## Exercise goal:
Please print, exactly, only the lines in the entries below from the line that has "[그림] 시기별 인플루엔자와 컴퓨터 바이러스의 출현" through the line that has "미담타임스 김교환 기자". Pictures don't go in.

## Records for this task:
-=-=-

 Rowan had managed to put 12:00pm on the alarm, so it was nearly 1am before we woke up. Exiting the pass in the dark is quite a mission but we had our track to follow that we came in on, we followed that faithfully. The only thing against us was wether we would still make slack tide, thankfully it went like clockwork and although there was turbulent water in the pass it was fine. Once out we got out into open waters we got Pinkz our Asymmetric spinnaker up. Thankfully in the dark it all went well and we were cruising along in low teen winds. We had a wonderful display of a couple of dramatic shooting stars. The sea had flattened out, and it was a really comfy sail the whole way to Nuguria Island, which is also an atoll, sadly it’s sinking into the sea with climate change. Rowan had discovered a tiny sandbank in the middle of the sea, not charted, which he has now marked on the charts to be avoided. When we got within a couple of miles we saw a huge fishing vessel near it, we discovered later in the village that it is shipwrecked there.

-=-=-

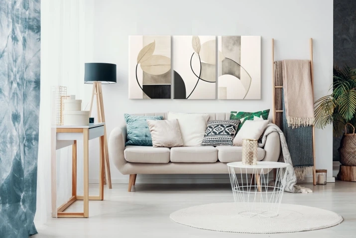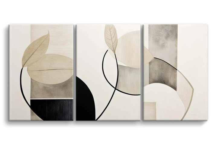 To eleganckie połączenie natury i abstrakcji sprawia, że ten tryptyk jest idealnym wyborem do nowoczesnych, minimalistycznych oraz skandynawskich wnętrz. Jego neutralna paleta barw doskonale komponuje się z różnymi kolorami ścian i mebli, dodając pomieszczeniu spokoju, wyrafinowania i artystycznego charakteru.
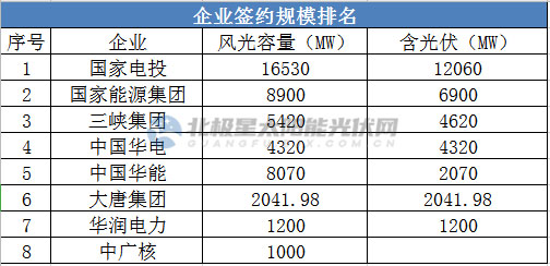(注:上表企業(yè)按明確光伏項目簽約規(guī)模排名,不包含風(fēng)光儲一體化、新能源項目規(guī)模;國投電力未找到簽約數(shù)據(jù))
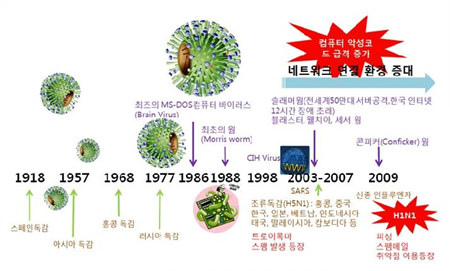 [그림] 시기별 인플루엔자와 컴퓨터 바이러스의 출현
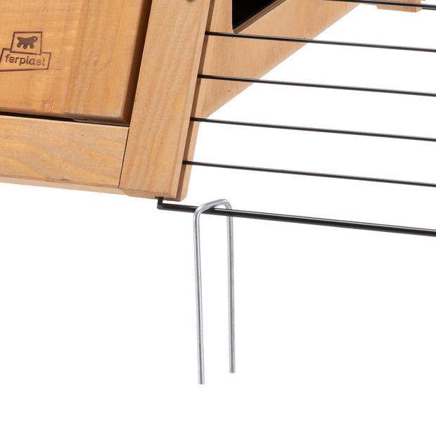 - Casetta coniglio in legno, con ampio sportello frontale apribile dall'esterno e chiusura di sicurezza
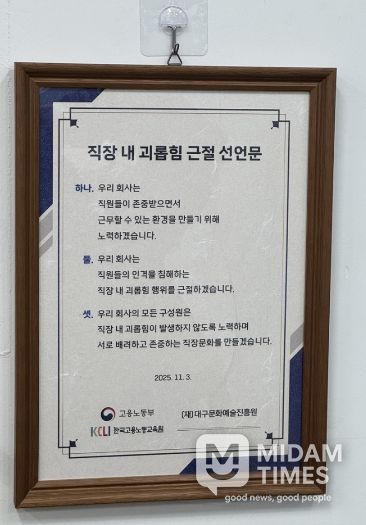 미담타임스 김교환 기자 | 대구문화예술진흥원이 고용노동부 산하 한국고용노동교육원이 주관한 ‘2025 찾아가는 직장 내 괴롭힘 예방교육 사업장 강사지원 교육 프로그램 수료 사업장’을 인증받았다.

-=-=-

## Output of the task:
 [그림] 시기별 인플루엔자와 컴퓨터 바이러스의 출현
 - Casetta coniglio in legno, con ampio sportello frontale apribile dall'esterno e chiusura di sicurezza
 미담타임스 김교환 기자 | 대구문화예술진흥원이 고용노동부 산하 한국고용노동교육원이 주관한 ‘2025 찾아가는 직장 내 괴롭힘 예방교육 사업장 강사지원 교육 프로그램 수료 사업장’을 인증받았다.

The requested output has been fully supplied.